▶ What you will do
From the first line of the listing below to the line containing "Arabic Silk Lawn", write out everything exactly. No pictures.

▶ Raw data

+--

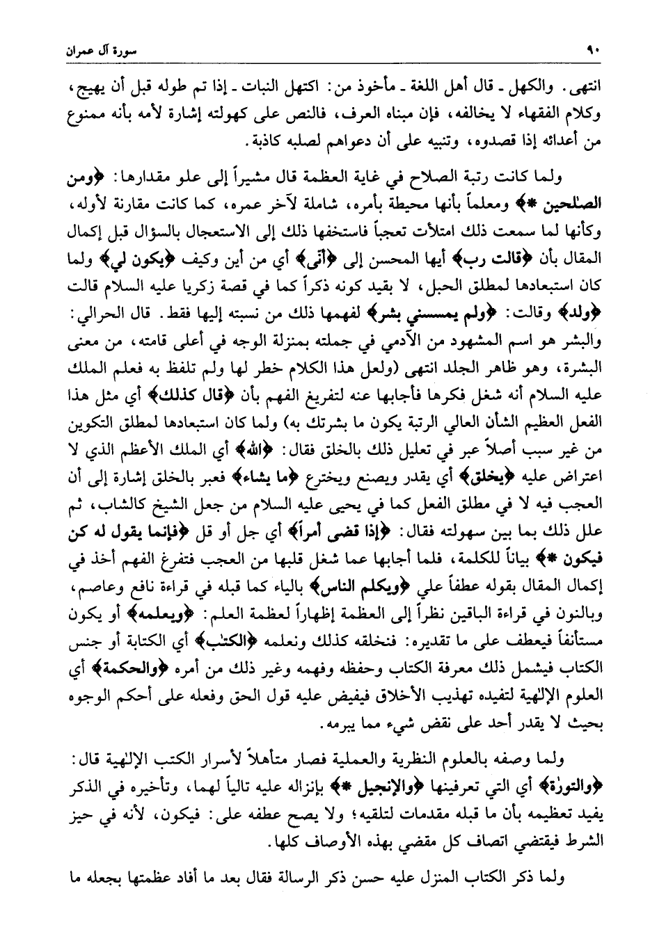 قال الحرالي : والبشر هو اسم المشهود من الآدمي في جملته بمنزلة الوجه في أعلى قامته ، من معنى البشرة ، وهو ظاهر لاجلد انتهى ( ولعل هذا الكلام خطر لها ولم تلفظ به فعلم الملك عليه لاسلام أنه شغل فكرها فأجابها عنه لتفريغ الفهم بأن ) قال كذلك ) أي مثل هذا الفعل العظيم الشأن العالم الرتبة يكون ما بشرتك به ) ولما كان استبعادها لمطلق التكوين من غير سبب أصلاً عبر في تعليل ذلك بالخلق فقال : ( الله ) أي الملك الأعظم الذي لا اعتراض عليه ) يخلق ) أي يقدر ويصنع ويخترع ) ما يشاء ( فعبر بالخلق إشارة إلى أن العجب فيه لا في مطلق الفعل كما في يحيى عليه السلام من حعل الشيخ كالشاب ، ثم علل ذلك لبما بين سهولته فقال : ( اذا قضى أمراً ) أي جل أو قل ) فإنما يقول له كن فيكون ( بياناً للكلمة ، فلما أجابها عما شغل قلبها من العجب فتفرغ الفهم أخذ في إكمال المقال بقوله عطفاً علي ) ويكلم الناس ( بالياء كما قبله في قراءة نافع وعاصم ، وبالنون في قراءة الباقين نظراً إلى العظمة إظهاراً لعظمة العلم : ( ويعلمه ( أو يكون الكتاب فيشمل ذلك معرفة الكتاب وحفظه وفهمه وغير ذلك من امره ) والحكمة ) أي العلوم الإلهية لتفيده تهذيب الأخلاق فيفيض عليه قول الحق وفعله على أحكم الوجوه بحيث لا يقدر أحد على نقض شيء مما يبرمه .
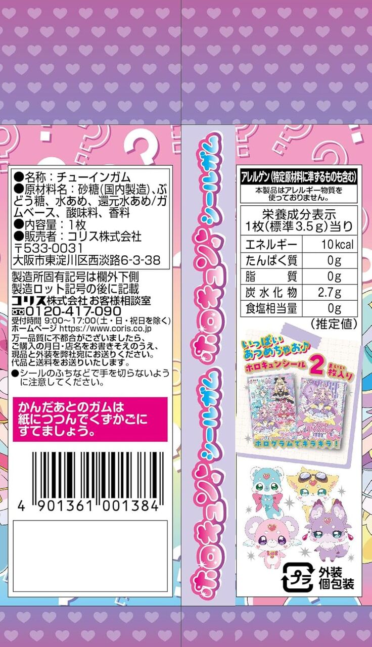 名探偵プリキュア!ホロキュンシールガム ソーダ味 ガム 2026/01/11 発売元:コリス発売日:2026年2月11日参考価格:1,650円(税込)<予約&購入> 楽天市場駿河屋 AmazonYahoo!ショップ あみあみ METAL BOX アニメストアホビーサーチ <商品紹介>プリキュアのシール入り全25種。キラキラホログラム入りです女児向けのキラキラ&ポップなデザインです<関連商品> < 前の記事次の記事 > コメント コメントフォーム 名前 コメント 記事の評価 リセット リセット 顔 星 情報を記憶 コメントを投稿する
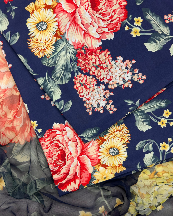 Arabic Silk Lawn is a premium blend of Cotton, silk, and polyester, offering a perfect combination of elegance and comfort. Ideal for all seasons, this fabric ensures you stay effortlessly chic year-round.
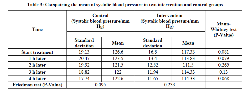 The results showed that at all times no statistically significant difference in mean of systolic blood pressure. This means that changes in systolic blood pressure in both groups did not differ at different times (Table 3).
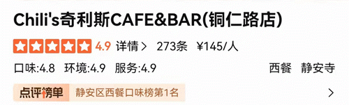 文末送大众点评静安西餐榜第一chili's

+--

▶ Solution to the problem
 قال الحرالي : والبشر هو اسم المشهود من الآدمي في جملته بمنزلة الوجه في أعلى قامته ، من معنى البشرة ، وهو ظاهر لاجلد انتهى ( ولعل هذا الكلام خطر لها ولم تلفظ به فعلم الملك عليه لاسلام أنه شغل فكرها فأجابها عنه لتفريغ الفهم بأن ) قال كذلك ) أي مثل هذا الفعل العظيم الشأن العالم الرتبة يكون ما بشرتك به ) ولما كان استبعادها لمطلق التكوين من غير سبب أصلاً عبر في تعليل ذلك بالخلق فقال : ( الله ) أي الملك الأعظم الذي لا اعتراض عليه ) يخلق ) أي يقدر ويصنع ويخترع ) ما يشاء ( فعبر بالخلق إشارة إلى أن العجب فيه لا في مطلق الفعل كما في يحيى عليه السلام من حعل الشيخ كالشاب ، ثم علل ذلك لبما بين سهولته فقال : ( اذا قضى أمراً ) أي جل أو قل ) فإنما يقول له كن فيكون ( بياناً للكلمة ، فلما أجابها عما شغل قلبها من العجب فتفرغ الفهم أخذ في إكمال المقال بقوله عطفاً علي ) ويكلم الناس ( بالياء كما قبله في قراءة نافع وعاصم ، وبالنون في قراءة الباقين نظراً إلى العظمة إظهاراً لعظمة العلم : ( ويعلمه ( أو يكون الكتاب فيشمل ذلك معرفة الكتاب وحفظه وفهمه وغير ذلك من امره ) والحكمة ) أي العلوم الإلهية لتفيده تهذيب الأخلاق فيفيض عليه قول الحق وفعله على أحكم الوجوه بحيث لا يقدر أحد على نقض شيء مما يبرمه .
 名探偵プリキュア!ホロキュンシールガム ソーダ味 ガム 2026/01/11 発売元:コリス発売日:2026年2月11日参考価格:1,650円(税込)<予約&購入> 楽天市場駿河屋 AmazonYahoo!ショップ あみあみ METAL BOX アニメストアホビーサーチ <商品紹介>プリキュアのシール入り全25種。キラキラホログラム入りです女児向けのキラキラ&ポップなデザインです<関連商品> < 前の記事次の記事 > コメント コメントフォーム 名前 コメント 記事の評価 リセット リセット 顔 星 情報を記憶 コメントを投稿する
 Arabic Silk Lawn is a premium blend of Cotton, silk, and polyester, offering a perfect combination of elegance and comfort. Ideal for all seasons, this fabric ensures you stay effortlessly chic year-round.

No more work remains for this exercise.